§ **Task brief**
Going down the data below, set down exactly the line with "Suggested Use: 2 tablets" and each line after it through the line with "Incluye 4 moldes"; no other lines.

§ **Supplied records**
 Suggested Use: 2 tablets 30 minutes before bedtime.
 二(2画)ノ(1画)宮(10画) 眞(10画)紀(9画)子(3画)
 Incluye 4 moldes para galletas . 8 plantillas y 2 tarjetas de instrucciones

---

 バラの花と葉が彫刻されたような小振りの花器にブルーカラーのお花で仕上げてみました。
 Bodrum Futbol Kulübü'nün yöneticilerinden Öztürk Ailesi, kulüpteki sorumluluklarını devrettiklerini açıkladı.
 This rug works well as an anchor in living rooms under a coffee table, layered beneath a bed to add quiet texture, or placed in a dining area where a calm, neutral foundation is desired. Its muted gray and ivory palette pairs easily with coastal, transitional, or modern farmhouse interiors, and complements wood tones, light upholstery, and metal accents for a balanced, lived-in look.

§ **Answer**
 Suggested Use: 2 tablets 30 minutes before bedtime.
 二(2画)ノ(1画)宮(10画) 眞(10画)紀(9画)子(3画)
 Incluye 4 moldes para galletas . 8 plantillas y 2 tarjetas de instrucciones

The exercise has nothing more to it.